Rezension

Liebe das Leben. Und das Leben liebt dich!

Das kann uns keiner nehmen
von Matthias Politycki

Bewertet mit 4 Sternen

Hans möchte mit seiner Vergangenheit ins Reine kommen - mit einer Besteigung des Kilimandscharo und der Übernachtung im Gipfelkrater. Doch als er und seine Gruppe oben ankommen, muss Hans zu seinem Ärger feststellen, dass dort schon ein Anderer seine Zelte aufgeschlagen hat. Widerwillig nähert er sich dem Platz und es kommt noch schlimmer: Der ihnen Zuvorgekommene, Tscharli, ist ein ungehobelter, respektloser Urbayer mit fürchterlichen Ansichten. Auf dem am nächsten Morgen gezwungenermaßen gemeinsamen Rückweg wird deutlich, wie schlecht es um Tscharlis Gesundheit bestellt ist.

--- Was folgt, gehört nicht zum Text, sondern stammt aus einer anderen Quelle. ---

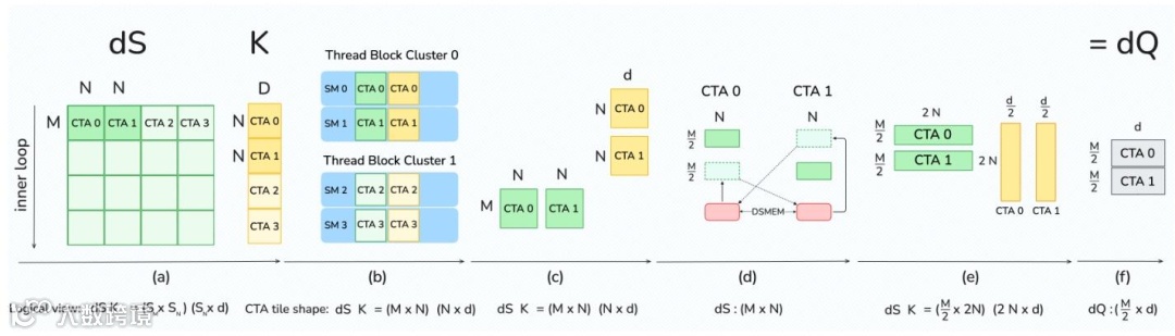 采用2-CTA MMA模式,双计算单元协同完成矩阵乘法,各自仅加载半量数据,使共享内存读写量减半,并减少原子操作,缓解带宽压力。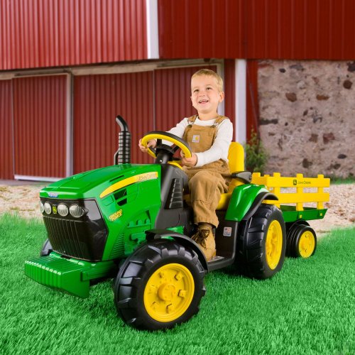 This Peg-Perego John Deere Battery Powered Ground Force Tractor with Trailer just might be the ticket to getting your youngster to love doing yard work. And why not? With a 12-volt motor, two speeds (2.5 and 4.5 mph), reverse, a working FM radio, and adjustable flip up armrests, we assume they'll be riding it all the time. It won't be too hard to throw a light load in the back and instruct your little boy or girl to please move it across the yard. Shortly thereafter, you'll have them riding the real thing, moving real loads, and they'll be loving it. In the mean time, this 12-volt riding toy will enchant your 3 to 6 year old. About Peg Perego After the birth of his infant son in 1949, Giuseppe Perego was unhappy with the minimal selection of juvenile products and decided to design his own baby carriage. His wife added beautiful, functional fabrics, and the overall aesthetics caught the attention of other parents in the Peregos' small Italian neighborhood. They were inundated with requests by neighbors for carriages of their own, and Peg Perego was born. Before long, the company was introducing high chairs, strollers, and other juvenile products. With each new product, the family commitment to quality continued. Always thinking forward, Peg Perego has never rested on past products or designs; it continues to stay current with parents' changing needs and new research that highlights the health and safety of infants and juveniles. Large battery powered tractor with working trailer. Large, knobby wheels for use on grass, dirt and gravel. 12-volt battery with charger, 2 speeds plus reverse. Maximum weight: 85 pounds. Detachable Trailer with 15lb Weight Capacity. Ages 3 years to 7 years. Dimensions: 67.5L x 24.5W x 26.5H inches.

Und eh Hans es sich versieht, befindet er sich plötzlich für eine Woche auf einer gemeinsamen Reise mit diesem Rüpel.
Hans berichtet diese Geschichte als Ich-Erzähler und, natürlich, ist er selbst der Maßstab, an dem er Tscharli misst. Immerhin ist er von Beginn an ehrlich genug um festzustellen, dass dieser unsägliche Bayer mit den Afrikanern wesentlich besser klar kommt als Hans, auch wenn er sie immer wieder 'Neger' nennt. Es ist durchaus belustigend zu lesen, wie der politisch korrekte Hanseat dem alten Zausel klar zu machen versucht, wie reaktionär dessen Ansichten und Verhalten sind. Tatsächlich ist es Hans jedoch, der den Einheimischen fremd bleibt bzw. sie auf Distanz hält. Ungewollte europäische Arroganz, Überheblichkeit oder schlicht Furcht? Die beiden so verschiedenen Männer freunden sich wider Erwarten an und nach und nach erzählen sie sich gegenseitig ihre Lebensgeschichten; zumindest den Teil, der sie nach Afrika geführt hat.
Es ist nicht nur eine bzw. zwei Geschichten über die Liebe des Lebens, sondern auch die Liebe zum Leben, die Tscharli aller Widrigkeiten zum Trotz nicht verliert. Er, der zeitweise schmerzhaft geradeheraus ist und scheinbar zwanghaft fast immer gute Laune hat, zeigt seinem Begleiter, wie gut es sich leben lässt und Hans lernt von ihm. Er fühlt sich zum ersten Mal frei, ohne jede Zwänge, die ihm in Deutschland nicht mehr bewusst waren.
Matthias Politycki lässt seinen Protagonisten in einem Tonfall erzählen, als säße er einem gegenüber. Selbst Zögerlichkeiten beim Nachdenken, das Abwägen - alles wird festgehalten und wirkt damit wie ein persönliches Gespräch. Ein Gespräch mit Beschreibungen die so deutlich sind, dass man die Menschen wie auch die Szenerien unmittelbar vor Augen hat. Tscharli ist mir während des Lesens sehr ans Herz gewachsen und ich hoffe, dass es noch viel mehr Tscharlis auf dieser Welt gibt.